The mahals of the region, from the early decades of the twentieth century (in 1930s and 40s), were noted for the promotion of music, songs and drama that were very popular among the Muslims of the region. It is an interesting fact that the Mahal Committee of Thekkeppuram never interfered in such activities or never branded them as un-Islamic. Thus revolutionary dramas like Aaranaparadhi (Who is the Culprit?), Elemma (Aunt), Vampathi Neeyanu Pennu (You are the Real Woman, Smarty), Neduveerpu (Sigh) and Taravadum Madisseelayum (Ancestral Home and Pocket) were performed on various stages there. All these plays are noted for their social criticism on certain practices in Muslim life and the family system. Yet, there was little opposition from the Mahal Committees. This indicates how a mahal, over time, transformed into an institution that catered to the requirements of a modern society without ignoring its religious duties and responsibilities.

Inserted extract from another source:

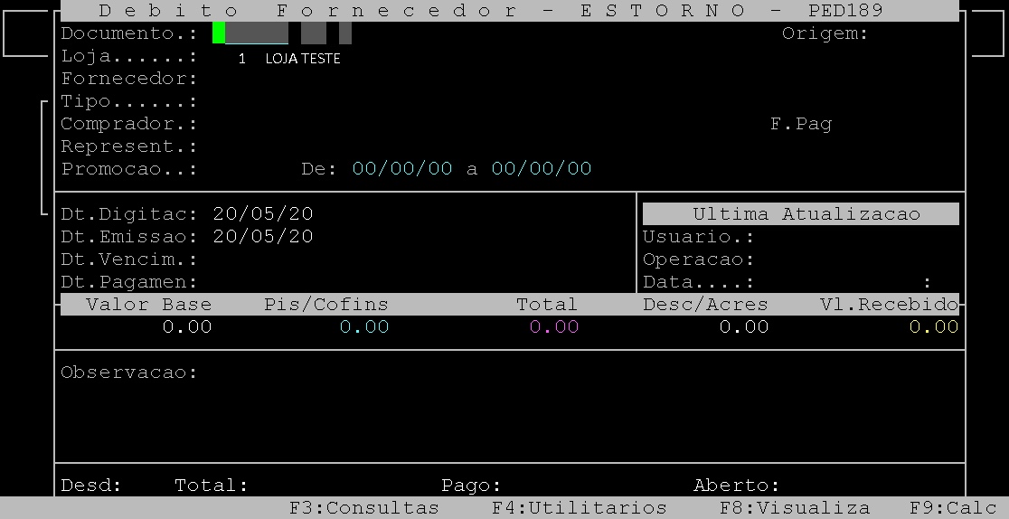 Rotina: | Débito Fornecedor - Estorno |

[1] It is believed that Islam entered into Kerala as a result of the conversion of Cheraman Perumal, a ruler of Kerala, who visited Mecca, and the consequent mission of Malik-ibn-Dinar and his men in different parts of Kerala. They were responsible for building mosques, the first being in Kodungallur.
[2] Mappila is an appellation applied to Malabar Muslims, the local converts to Islam. It originated from two Malayalam terms maha and pilla. Its meaning derives from the combination of the term Ma’ (Mother) and pilla (child) meaning ‘Mother’s child’ indicating children of local mothers in foreigners (here the Arabs). It has to be noted that, like the Nairs of Kerala, Mappilas of coastal Malabar follow marumakkathayam (Matrilineal system: inheritance through mother).
[3] The Muccunti Mosque was built by an Arab merchant Muccian in the landed property of the Zamorin in the coast of Kozhikode. It has an inscription in Arabic and in Vattezhuthu on the daily expenses of the Mosque which were met by the Zamorin. The Madayi Mosque also contains a plaque with an inscription dated to AH 518/AD 1124. The presence of the plaque is attested by William Logan also. Land was provided by the Kolathiri Raja and its first qazi was Malik-Ibn-Abdurahiman.
[4] See Sheikh Zeinudin’s call to believers to wage a war on his behalf against the Portuguese.
[5] Janmam means a form of hereditary proprietary right previously prevalent in the State of Kerala. Janmam lands were originally held by a few zamindari families. These zamindars, members of a princely family, were called ‘janmies’ in Malayalam and their lands, Janmam Estate.
[6] The Muslim Personal Law Board (MPLB) was organised in 1972 by some Muslim leaders and ulemas under the pretext that they were the true protectors of the Shariah and the community. It became popular after the Shah Bano case of 1986. It virtually represented the higher strata of Islamic society of North India.
[7] The Thaikkavus, popularly known as Thekkiyavus, are centres associated with some mosques (or stand independently in rare cases) whose purpose is to train the youth in religious arts like Ratheebs, Maulids etc., celebrated in praise of Sufis, Saints, Shaikhs or some local divinities. During the nerchas or on festive occasions, they move in a procession reciting mad’hs (eulogies) and miracles and singing baithus with the accompaniment of musical instruments like daffu.


Makhdum, Sheikh Zeinuddin, Tuhfat-ul-Mujahidin. Translated by Nainar M.H. Madras: University of Madras, 1942.

Menon, K.P. Padmanabha. History of Kerala. Vol. 1 of History of Kerala, New Delhi: Asian Educational Services, 1993. (Originally published in 1924.)

Pillai, Elamkulam Kunjan. Studies in Kerala History. Kottayam: National Book Stall, 1970.